In November 1969, Bockwinkel began wrestling for the Atlanta, Georgia-based Georgia Championship Wrestling promotion. It was at this time that Bockwinkel "found his calling" as a heel. Having previously wrestled primarily as a babyface, Bockwinkel adopted a "cocky, uppity Beverly Hills California heel" persona in Georgia, aligning himself with the villainous tag team The Assassins. In January 1970, Bockwinkel unsuccessfully challenged visiting NWA World Heavyweight Champion Dory Funk Jr.; Funk later described Bockwinkel as "one of the best wrestling challengers for the belt. [...] He was very technical, and put a lot of thought into his interviews, his talk, his work in the ring, his persona."

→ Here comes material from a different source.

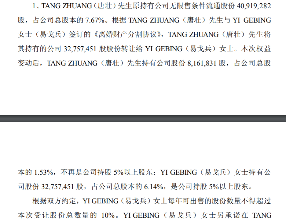 值得注意的是,2023年6月,卓胜微的另一位实控人唐壮在与易戈兵解除婚姻关系后,向后者转让了约3276万股股份。按照公司当日收盘价计算,易戈兵分走约34亿元。

In January 1970, Bockwinkel defeated Joe Scarpa for the NWA Georgia Television Championship. He lost the title to El Mongol in March 1970, but the title was vacated after footage showing El Mongol using an illegal karate strike was aired; Bockwinkel defeated El Mongol in a rematch later that month. Bockwinkel's second reign ended in April 1970 when he was defeated by his former ally Assassin #2; after The Assassins were suspended and Assassin #2 was stripped of the title, Bockwinkel defeated Joe Scarpa in June 1970 to win the vacant title. His third and final reign ended in August 1970 when he lost to Bobby Shane.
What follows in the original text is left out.